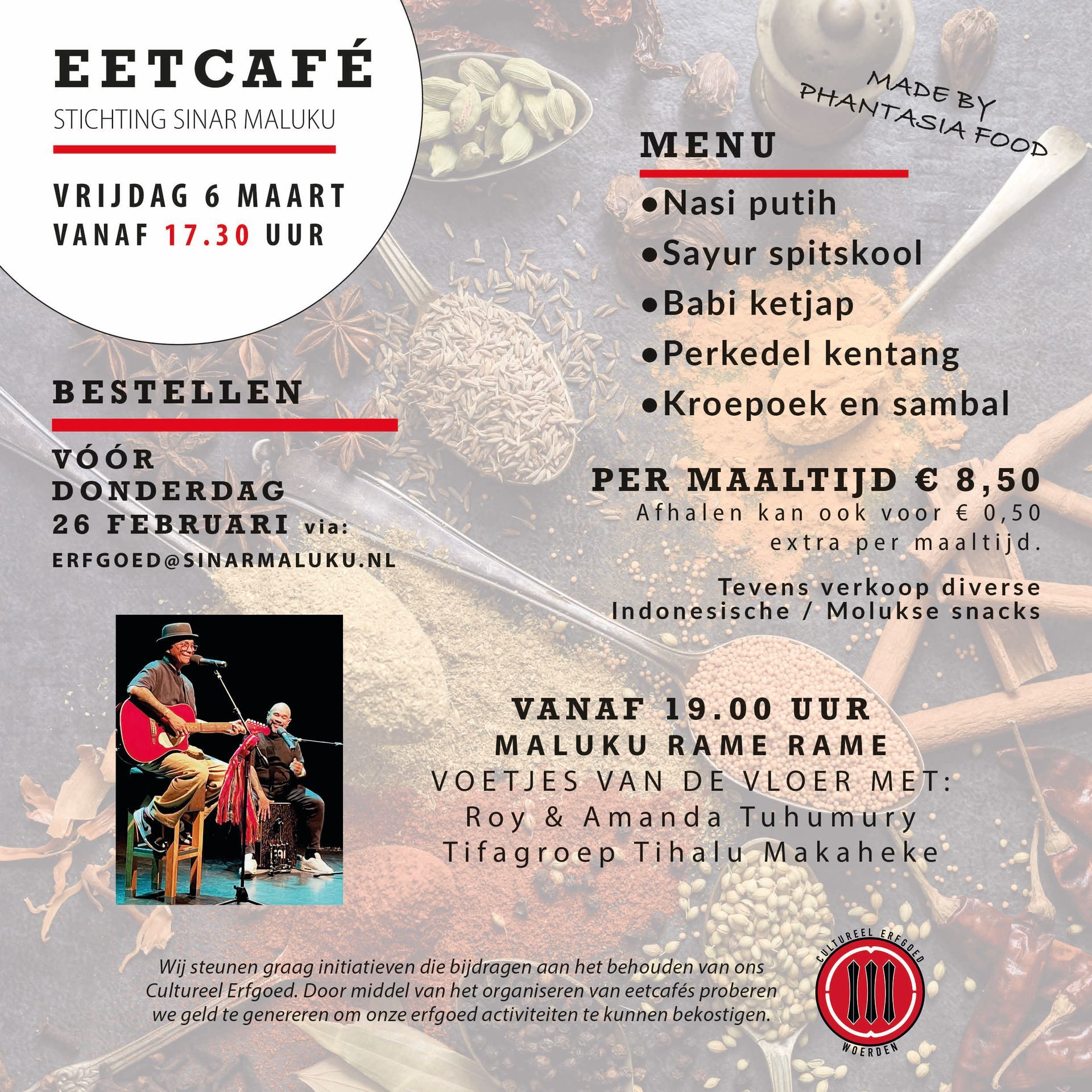Doelstelling: geld genereren voor onze Molukse Culturele activiteiten met Moluks/Indische maaltijden.
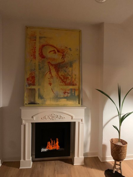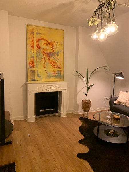 [Unter anderem ein Ethanol Kamin, nagelneue Nespresso Kaffeemaschine, Massivholzmöbel aus Handarbeit, extravagantes Kunstgemälde, echter Kuhfell Teppich, ein weißes Granitspülbecken, große Pflanzen]
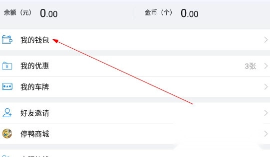 打开共享停车,点击“我的”,点击“我的钱包”
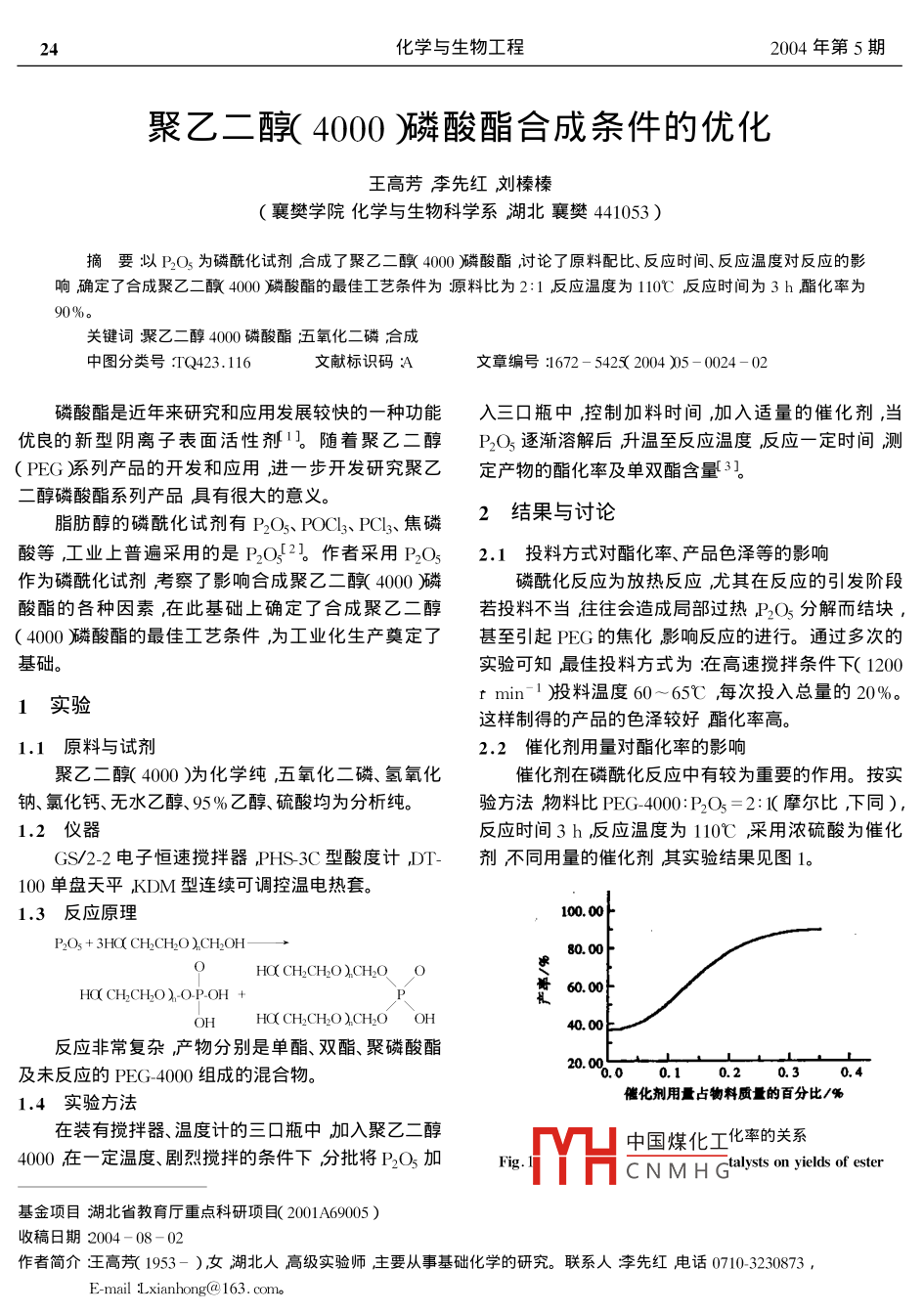 - 期刊名字:化學與生物工程
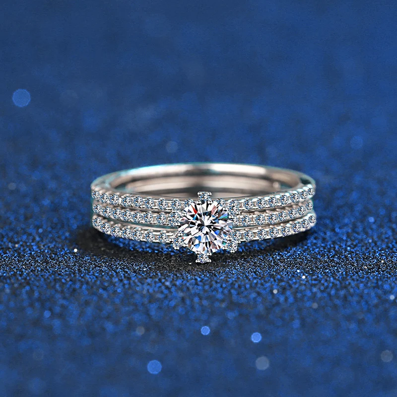 Набор колец с бриллиантами, 2 шт., однотонные, 0.5ct, VVS1, Муассанит, 14 к, белое золото, серебро 925 пробы, обручальное кольцо для невесты, наборы обручального кольца

----

Without the pictures, return all the entries above exactly as they stand.

:: Task answer ::
Doelstelling: geld genereren voor onze Molukse Culturele activiteiten met Moluks/Indische maaltijden.
 [Unter anderem ein Ethanol Kamin, nagelneue Nespresso Kaffeemaschine, Massivholzmöbel aus Handarbeit, extravagantes Kunstgemälde, echter Kuhfell Teppich, ein weißes Granitspülbecken, große Pflanzen]
 打开共享停车,点击“我的”,点击“我的钱包”
 - 期刊名字:化學與生物工程
 Набор колец с бриллиантами, 2 шт., однотонные, 0.5ct, VVS1, Муассанит, 14 к, белое золото, серебро 925 пробы, обручальное кольцо для невесты, наборы обручального кольца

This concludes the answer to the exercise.